That's not quite right either. If you are inside a Task then the first one returns the default executor right? So it's this:
- default actor + no task executor -> default executor
- default actor + task executor -> task executor
- custom actor executor + no task executor -> custom actor executor
- custom actor executor + task executor -> custom actor executor
The only time that var currentExecutor: (any Executor)? { get } returns nil is if you are not inside a task right?
Yes I agree that we should do the former and try one executor after the other.
That's not how it works in the runtime so I'm attempting to clarify that.
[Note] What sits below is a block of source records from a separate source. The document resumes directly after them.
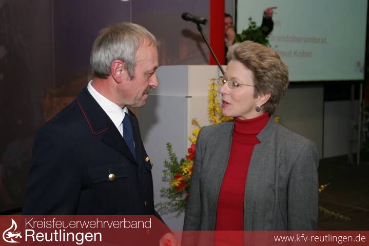 Landesbranddirektor Hermann Schröder zeichnete Helmut Kober im Auftrag des Innenministers mit dem Feuerwehr - Ehrenzeichen der Sonderstufe des Landes Baden-Württemberg aus. Die Bedeutung dieser Auszeichnung stellte Schröder heraus. Bei 125.000 Feuerwehrangehörigen in Baden-Württemberg wird diese Auszeichnung nur1-2 mal pro Jahr vergeben.
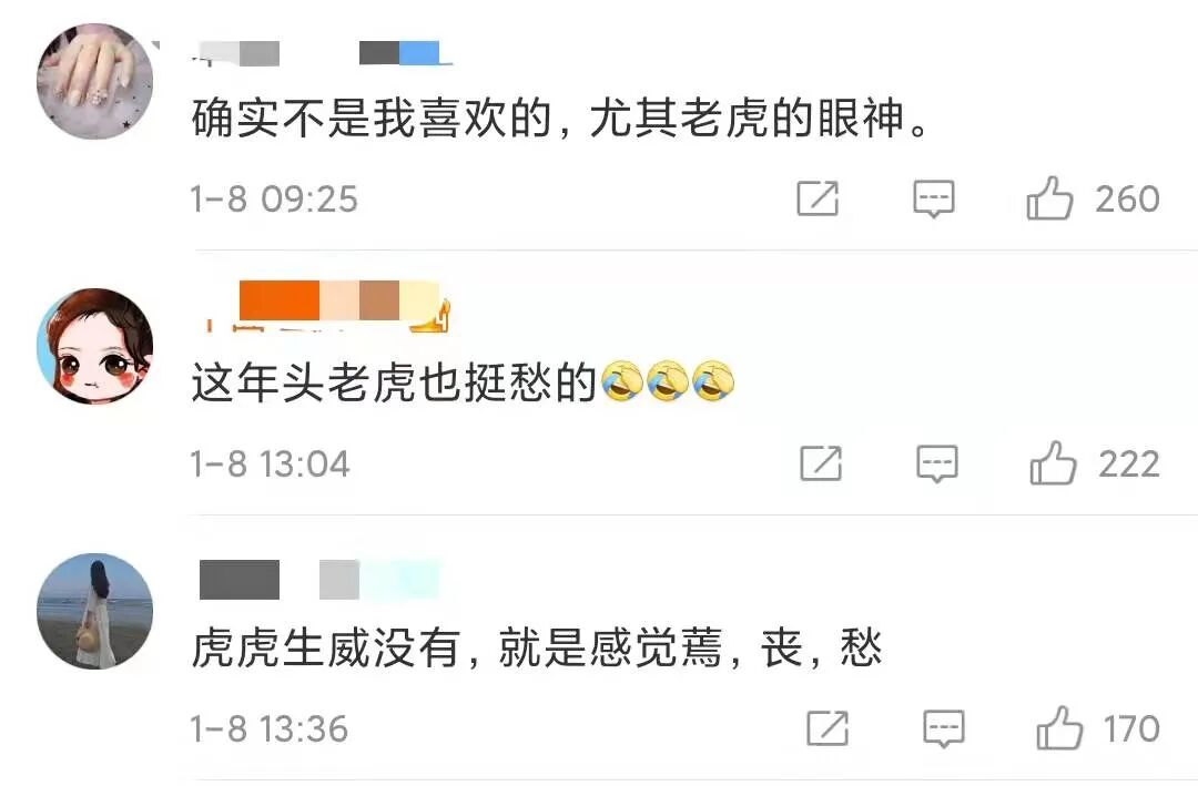 我看了一下评论区,发现很多人也跟我一样的想法:这个虎是emo虎。
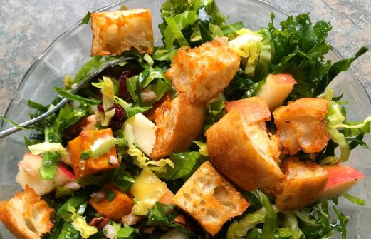 Je me suis inspirée d' une recette de Goodfood en l'adaptant à ce que j'avais sous la main. C'est un peu long à préparer car il y a plusieurs étapes, mais c'est décidément très bon ! 4 portions 225g de choux de Bruxelles 450g de courge butternut 2 pommes en dés 1/2 paquet de kale 100g de farro [...]
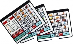 Trois cartes thématiques transforment l’environnement de la caisse en libre-service, restaurant ou boutique classique. Les enfants choisissent l’histoire qu’ils veulent jouer.
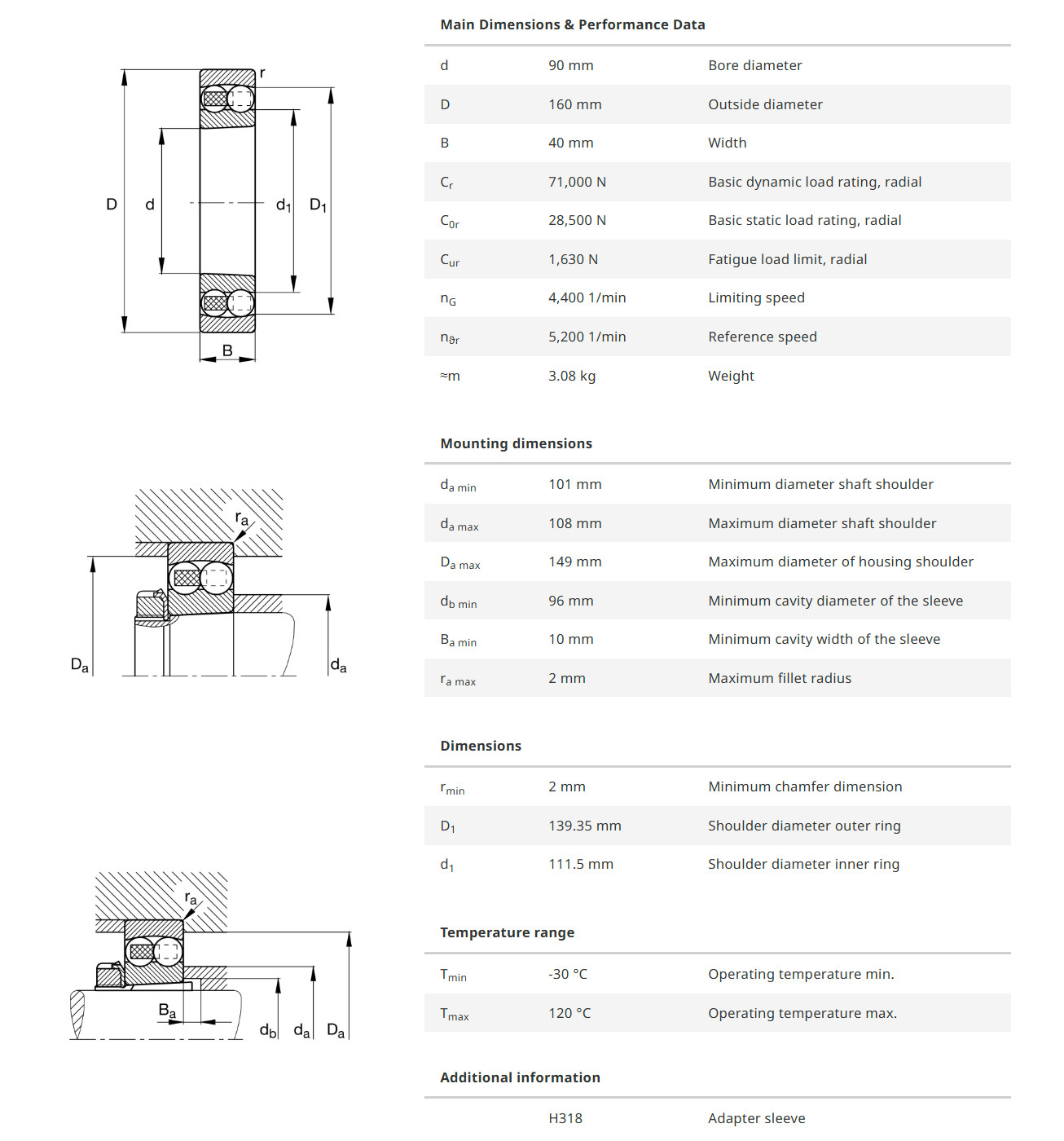 FAG 2218-K-TVH-C3 มีขนาดวงใน 90 มิล วงนอก 160 มิล หนา 40 มิล เป็นตลับลูกปืนเม็ดกลมสองแถวแบบปรับแนวได้เอง แกนในรูเรียว รองรับแรงจากการเยื้องศูนย์ของเพลาได้ดี ความร้อนต่ำแม้ทำงานด้วยความเร็วรอบสูง

When running "on a default actor" the actor is the executor. And we happen to submit to the global pool; Is is technically not true that the global concurrent executor is "the executor we're on". E.g. if comparing executors, the and you used the unownedExecutor of a default actor as the executor of another actor -- the runtime compares them, it is the same identify (the orignal actor) and therefore there's no suspension there and the "switch" succeeds, and things like that.
Not only is it the runtime's behavior, it is also how @al45tair is suggesting this property is implemented.
If we were to choose to return the global executor here... we have to really think very deeply about this, perhaps we could? 
It would not be a SerialExecutor which may prevent all the issues I am worried about (wrong assume isolation calls).
I think we are talking past each other. I understand that in the runtime there is no real executor for default actors. However, we are talking about two things here:
- What should the proposed
currentExecutorproperty return - How should
Task.yield()/sleep()behave
Now in the proposal currentExecutor is documented like this
/// Get the current executor; this is the executor that the currently
/// executing task is executing on.
public static var currentExecutor: (any Executor)? { get }
If we are inside a task there is always going to be a current executor because in the end we need to run the job somewhere. Regardless if we are isolated or not; or if the actor has a custom executor. Keep in mind this API is on Task and not Actor. So in my opinion the logic for currentExecutor should be like this:
- If we are isolated and the actor has a custom serial executor return it
- If there is a task executor preference return it
- Return the default executor i.e. the value of the proposed
var defaultExecutor: any TaskExecutor
Now for Task.sleep() I agree with @al45tair's previous proposal that we should go through the list in the same order and pick the first that supports scheduling.
Yeah I think we can agree to that -- it works out because we're not saying this is what we're "isolated to" but just "running on" and it's not a serial one, so I don't think people will have expectations of this being != with another actor's "running on" executor, since both may be on the default executor.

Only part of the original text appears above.